W grudniu czeka nas stan wyjątkowy

0
0
0
/

- W grudniu może nas czekać małe przesilenie. Trwa cicha mobilizacja w Narodowych Siłach Rezerwy. Sędziowie mają trudności z wykorzystaniem zaległych urlopów do końca roku. Idzie gorący grudzień? - pisze dla Prawy.pl Antoni Krawczykiewicz.


Powołanie dwa tygodnie temu Ruchu Narodowego zelektryzowało całą scenę polityczną.
 
Lewica, doświadczona za sprawą Volksfrontów, w tropieniu faszyzmu i nacjonalizmu, bije nieustannie na alarm.
 
„Mowy nienawiści” doszukuje się w języku debaty publicznej, zaostrzonej przez „politycznych kiboli” centrowa Platforma i zaprzyjaźnieni z nią celebryci.
 
A PiS, pilnie strzegące, by na prawicy nie było konkurencji, chętnie włączyło by się do „komitetu obrony republiki”. W obronie własnej, a nie Polski, w rzeczy samej.
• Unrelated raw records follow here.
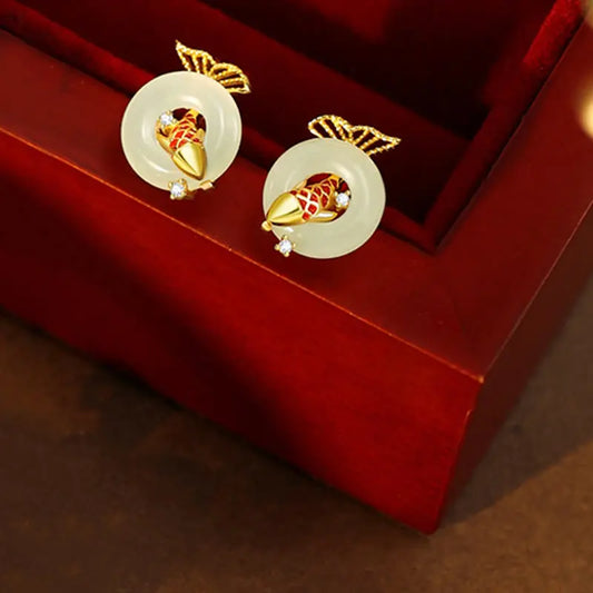 Buddha Stones Natural Hetian Jade 925 Sterling Silver Plated Gold Koi Fish Peace Buckle Luck Earrings
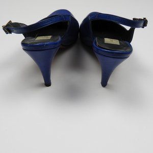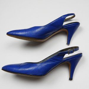 Cobalt blue leather show. Vintage from Eaton's Department store. Size 5.5/6. 2.5 inch heel. Right heel cap needs to be replaced.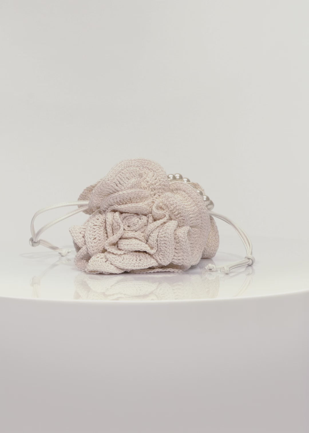 PF23 MAGDA BAG CREAM SATIN CROCHET PEARL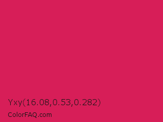 Yxy 16.08,0.53,0.282 Color is a normal rose color and the nearest color is Dogwood Rose #d71868. Hex code #d71e58 and RGB value is rgb(215,30,88). In RGB color space, this color is composed of 84% red, 12% green, 35% blue, In CMYK color space, this color is composed of 0% cyan, 86% magenta, 59% yellow , 16% black , In HSL color space, this color has a hue angle of 341° , 76% saturation and 48% lightness.

Tyle tylko, że największa partia opozycyjna musiałaby iść pod rękę z Leszkiem Millerem i Januszem Palikotem. A to, na razie, nie wypada.

Szalejąca drożyzna, arogancja władzy, kolesiostwo, brak perspektyw życiowych – to temat codziennych rozmów wielu Polaków. Wbrew temu, co wbijają nam do głów najwięksi gracze na rodzimej scenie politycznej spór o Polskę nie toczy się wokół osi zamach-katastrofa smoleńska. Dotyczy spraw przyziemnych. Warunków życia, o których latający służbowym samolotem do rodziny w Gdańsku premier Tusk, czy robiący zakupy tylko na potrzeby kamer w tanim dyskoncie prezes Kaczyński, nie mają zielonego pojęcia.

A niezadowolenie rośnie. Rośnie też dysonans między tym, co pokazują nam media, a tym co myślimy. To przypomina trochę końcówkę dekady Gierka. Jeden z głównych macherów współczesnej propagandy, człowiek wojskowych służb, dzięki którym założył prywatną telewizję ogólnopolską, właśnie za późnego Szczepańskiego debiutował na Woronicza. Wiele się nauczył, a dziś jego wychowankowie dzielnie realizują przekaz, którego oczekuje „nowa PZPR”. Nowa i nie jako monopartia, tylko mono klasa polityków, którzy sobie potworzyli pięć – sześć prywatnych księstw. Z solidną dotacją z budżetu.

Ludzie to widzą. Nie grzmią. Nie wyjdą na ulicę, bo wiedzą z doświadczenia, że z tej konfrontacji nie wyjdą zwycięsko. Władza, dla utrzymania przywilejów i ciągnięcia „byle więcej do siebie”, jest zdolna do wszystkiego.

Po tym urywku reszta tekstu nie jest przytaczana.